There is a major risk, and this is why it seems essential to us to reconsider the question, and to reconsider it again and again : the risk of oblivion. Given, among others factors, the acceleration of history - at least a sensation of acceleration - from one generation to the other, whole sections of history are precisely evaporating. Who today, simply observing the present situation in Albania, would be able to conceive by himself the part played by the Party of this country on an international level in the defense of Marxism, of Leninism, during more than three decades, from the 50s to the 80s ?

The extreme brevity of the period is not a criterion ; the decomposition of the parties that claimed to be Marxist-Leninist, to take socialist Albania as a référence, is not a criterion either. The same is true, of course, as for the very decomposition of the revisionist parties like that of the ex-USSR. It is evident that our conception of the world, based on Marxism and Leninism, does not depend on the ups and the downs that stand out as landmarks of the struggle between communism and capitalism.

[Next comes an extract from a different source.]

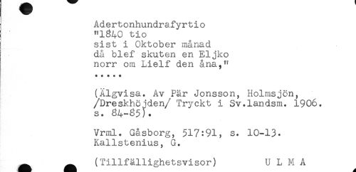 //// j Adertonhundrafyrtio //// ! tio //// sist i Oktober månad //// då blef skuten en Eljko //// norr om Lielf den åna," //// (Älgvisa. Av Pär Jonsson, Holmsjön, //// /Breskhöjden/ Tryckt i Sv.landsm. 1906. //// s. 34-35}. //// Vrml. Gåsborg, 517:91, s. 10-13- //// Kallstenius, G. //// — ^ (Tillfällighetsvisor) U L M A //// 1) t 1 t i ////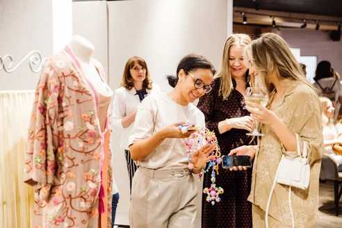 А яркие платья, провокационные вырезы и крупные украшения от шоу-рума GOMA&CO создавали эффектный образ для богемного выхода на открытие художественной галереи. Звездный визажист Юрий Столяров лично провел для гостей Первой Женской Академии мастер-класс по актуальным трендам макияжа. Ведущая мероприятия Евгения Кор поддерживала легкое настроение гостей, вдохновляя публику на дружеские беседы и новые знакомства. Музыкальное сопровождение и теплую атмосферу обеспечивала Ассоциация Российских Ивент Диджеев. Атмосферу праздника дополнили живописные полотна художника Оксаны Слободиной.

During all historical periods, and mainly in periods of ebb-tide, whether they may be considered as transitory or not, the important is to ensure the continuity of the relay. No one who today claims to politically assure the continuity of revolutionary Marxism, can ignore the contribution of the PLA and Enver Hoxha, contribution that constitutes an arm for the present and the future. Like any arm this one can rust. Our duty is to preserve it, to enrich it under the conditions of the new period that we approach just now and that begins to take form.

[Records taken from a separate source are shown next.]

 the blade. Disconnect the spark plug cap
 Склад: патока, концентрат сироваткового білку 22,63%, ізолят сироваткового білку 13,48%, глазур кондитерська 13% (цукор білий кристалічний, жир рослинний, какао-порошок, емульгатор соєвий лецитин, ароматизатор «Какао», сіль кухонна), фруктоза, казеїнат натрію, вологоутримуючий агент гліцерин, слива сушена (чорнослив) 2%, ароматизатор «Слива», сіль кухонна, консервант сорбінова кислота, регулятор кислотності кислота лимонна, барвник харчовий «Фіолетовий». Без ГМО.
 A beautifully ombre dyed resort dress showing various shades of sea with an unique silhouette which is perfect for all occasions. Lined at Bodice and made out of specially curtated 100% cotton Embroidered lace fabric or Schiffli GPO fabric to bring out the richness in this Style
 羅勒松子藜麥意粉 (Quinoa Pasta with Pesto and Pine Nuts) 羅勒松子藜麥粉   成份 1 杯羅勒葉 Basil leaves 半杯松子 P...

The oblivion can have, if one may say so, a natural cause : the extreme weakness of the international communist Marxist-Leninist movement. It can equally be favored by the renegades, not to mention the parties and organizations that share the points of view and the theses denounced by the Party of Labour of Albania, wether they are avowed revisionists or not. In a more veiled manner can be expressed criticisms, reticences, hesitations that have specific practices and geographical environments as a basis. The result is the same, namely having a limited political view and sacrificing the essential.

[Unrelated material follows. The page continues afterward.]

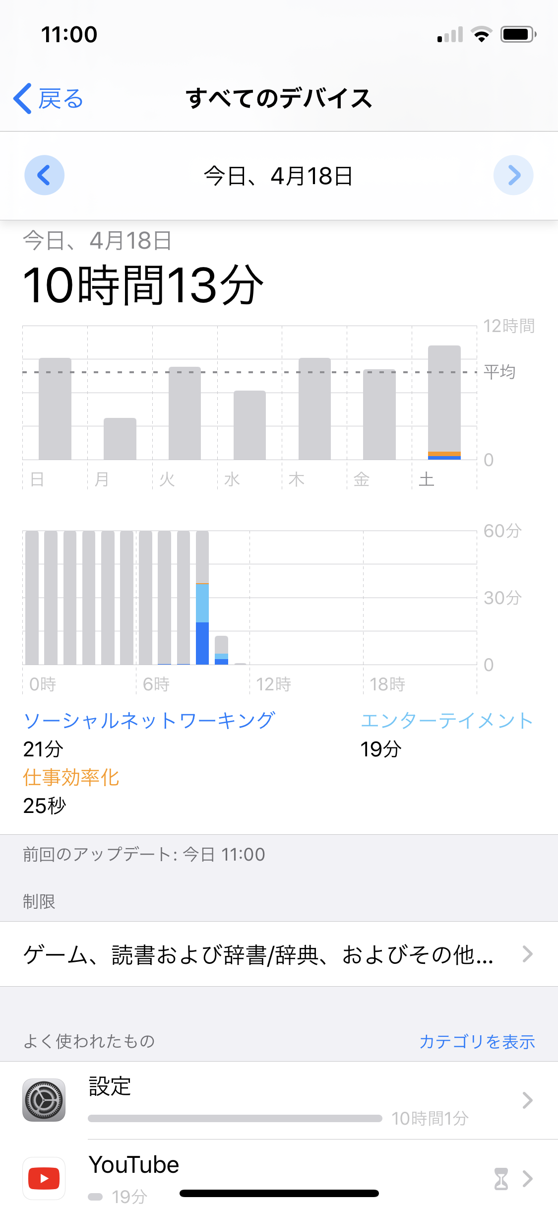 スクリーンタイムを見ると寝ている間もずっと設定が使われているんですが原因と直し方をおしえてください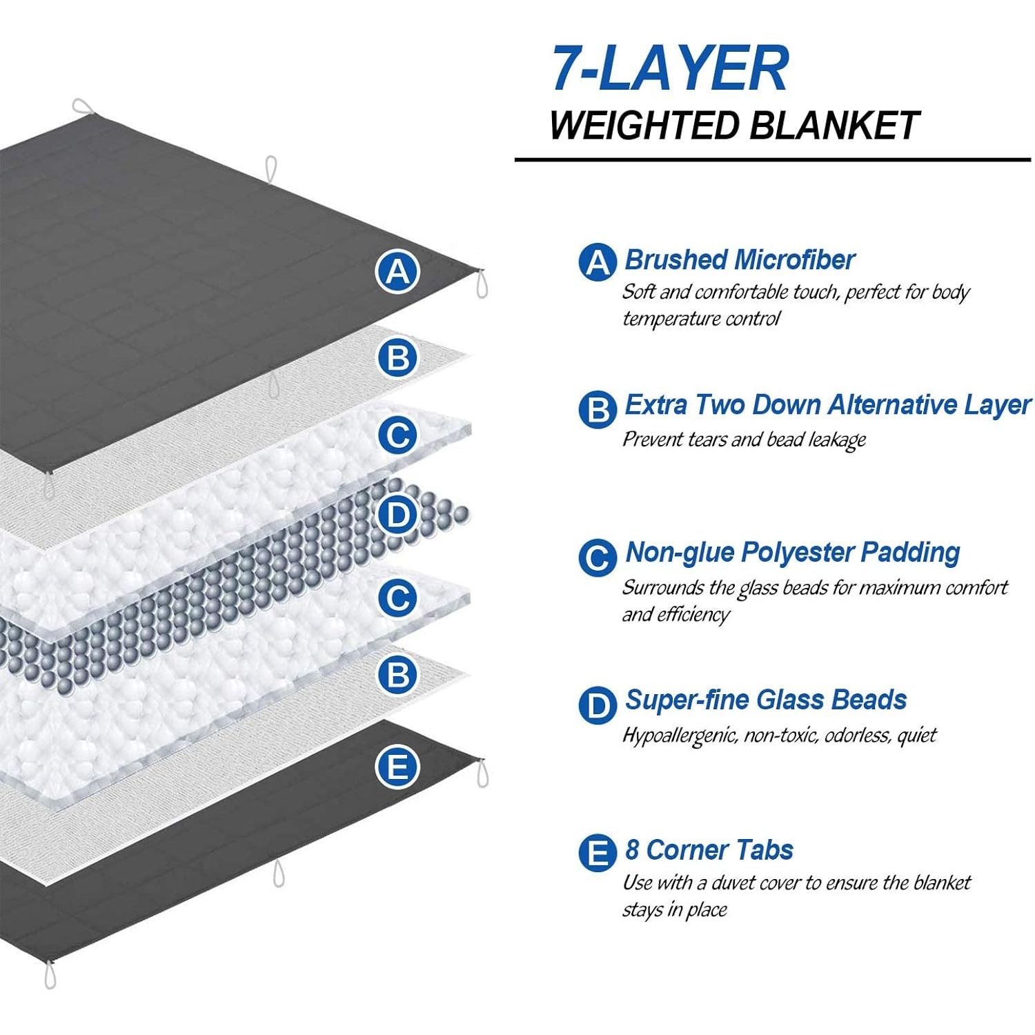 • SMOOTH and SLIENT FINE GLASS BEADS FILLING--The blanket is filled with glass beads and padded with two layers of cotton fabric for extra padding and prevent bead leakage. Additional 8 ties at the corners also keep the beads evenly dispersed, which allows the blanket to maintain a full shape

A temptation for militants who have not lived through the different periods that have to be dealt with - from the death of Stalin in 1953 to the 80s - or who have lived through only some of these periods, is to enter this history backwards, starting from the current situation. Yet it is necessary to deal with it in the context prevailing then. Let us keep away from all retrospective illusions.

II
A LONG STRUGGLE : 1942-1978

The struggle of the Party of Labour of Albania and Enver Hoxha against modern revisionism spans over a long historical period. It can be divided in several stages :

1. Initially the context was characterized by the denounciation of Yugoslavia lead by Tito, which was undertaken by the PLA in conjunction with all the other communist parties from 1948 on, and even from 1942 on, as far as the PLA (CPA at that time) alone is concerned.
2. From 1953 after the death of Stalin until the XXth Congress of the CPSU in 1956.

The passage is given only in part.